Relaxing Synchronization for Performance and Insight

Synchronization overhead is a major bottleneck in scaling parallel applications to a large number of cores. This continues to be true in spite of various synchronization-reduction techniques that have been proposed. Previously studied synchronization-reduction techniques tacitly assume that all synchronizations specified in a source program are essential to guarantee quality of the results produced by the program. In this work we examine the validity of this assumption by studying the effect of systematically relaxing synchronization for a wide set of parallel programs.
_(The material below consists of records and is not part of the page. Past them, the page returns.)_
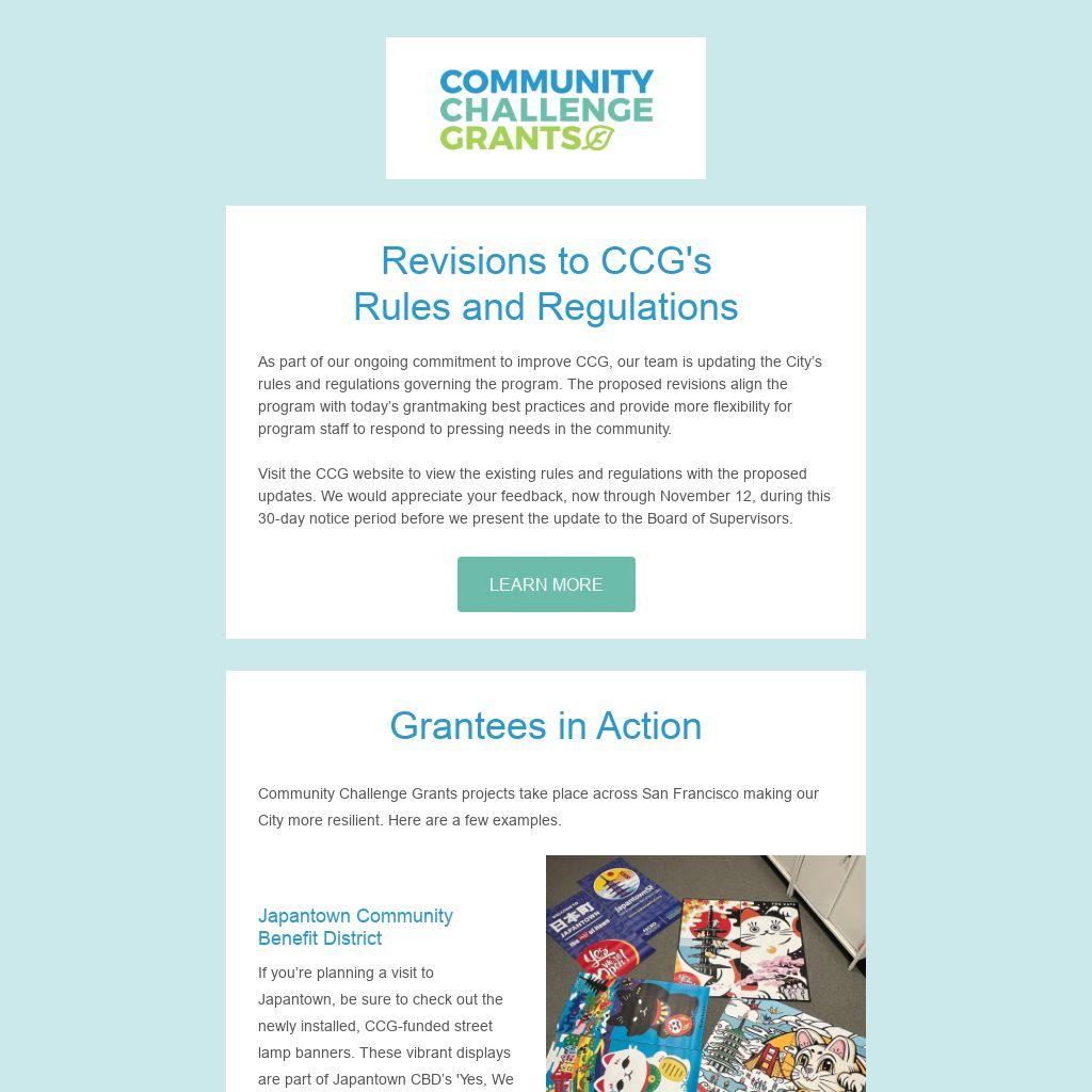 As part of our ongoing commitment to improve CCG, our team is updating the City’s rules and regulations governing the program. The proposed revisions align the program with today’s grantmaking best practices and provide more flexibility for program staff to respond to pressing needs in the community.
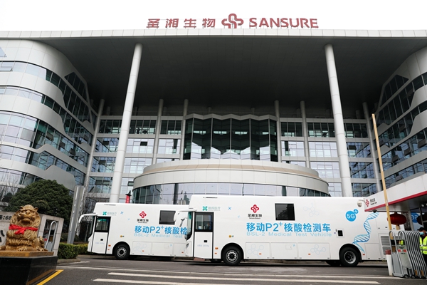 目前,北京、广东、黑龙江、四川、山东等多省均已配置移动核酸检测车。米兰电竞生物此次投入使用的移动P2+核酸检测车共2台,为湖南省首批投入使用的移动核酸检测车,可实现采样、检测、报告一站式服务,2台日检测量(10混1)可达10万人份,最快45分钟内出结果!
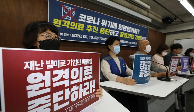 코로나19 사회경제위기 대응 시민사회대책위(이하 시민대책위)는 15일 오전 참여연대 아름드리홀에서 기자회견을 열고 "원격의료는 안정성이 입증되지 않아 오진의 가능성이 크다"며 반대 입장을 냈다.
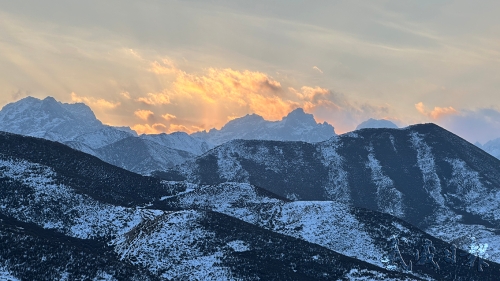 冬日,霞光掩映下的天祝县抓喜秀龙大草原和马牙雪山,处处彰显着草原的柔美和雪山的刚毅。 (
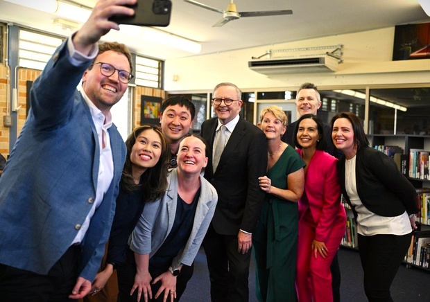 PM Anthony Albanese joined the campaign's featured teachers for a selfie during the launch today at Kirrawee High School in Sydney. PHOTO: AAP
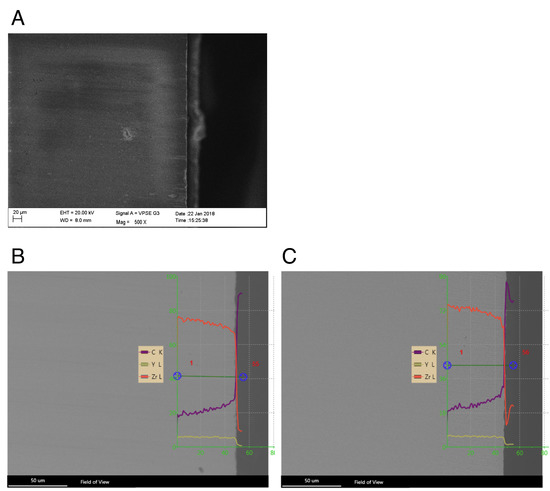 The EDS analysis for the AP/SU group showed a carbon content of 18% at the 50 µm depth. However, this increased to a value of 27% at the surface. The percentage of zirconium decreased in a similar pattern (Figure 2C).
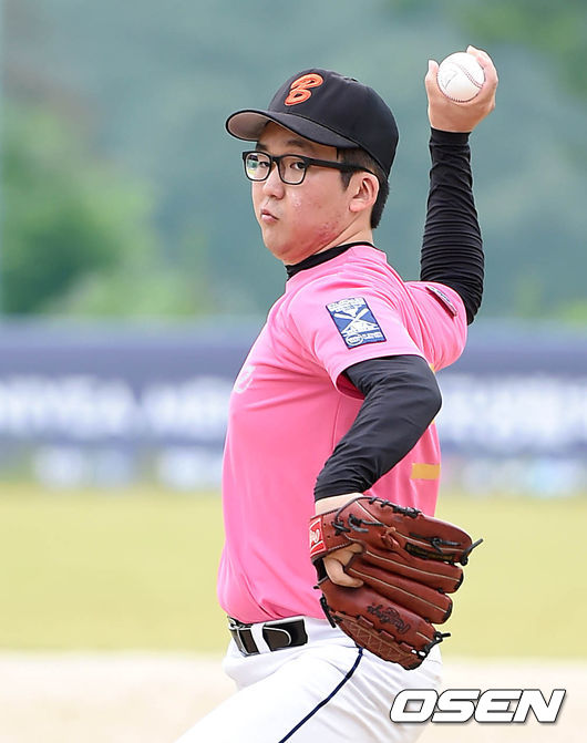 1회말 잘생긴 KUBIZ 선발투수 박형규가 힘차게 공을 던지고 있다.

We consider the class of computations for which the quality of result can be quantified, and the quality need only fall within some acceptable range. Several computations from important benchmark suites such as PARSEC, STAMP, and NU-MineBench, belong to this class. We propose a technique which relaxes the programmer-specified synchronization to reduce, and in some cases completely eliminate, the synchronization overhead. In addition, we also develop model computations that map to some of the well-known parallel applications, and analyze the effects of relaxing synchronization. Our results show that relaxing synchronization can achieve significant speedups; for example, up to 15x for the Kmeans benchmark and up to 70x for one of the model computations, with no degradation in the quality of the results. Our study also provides valuable insight into the synchronization resilience of parallel applications, thus paving the way towards the development of more effective synchronization primitives that can be exploited efficiently by compilers and parallel runtime systems.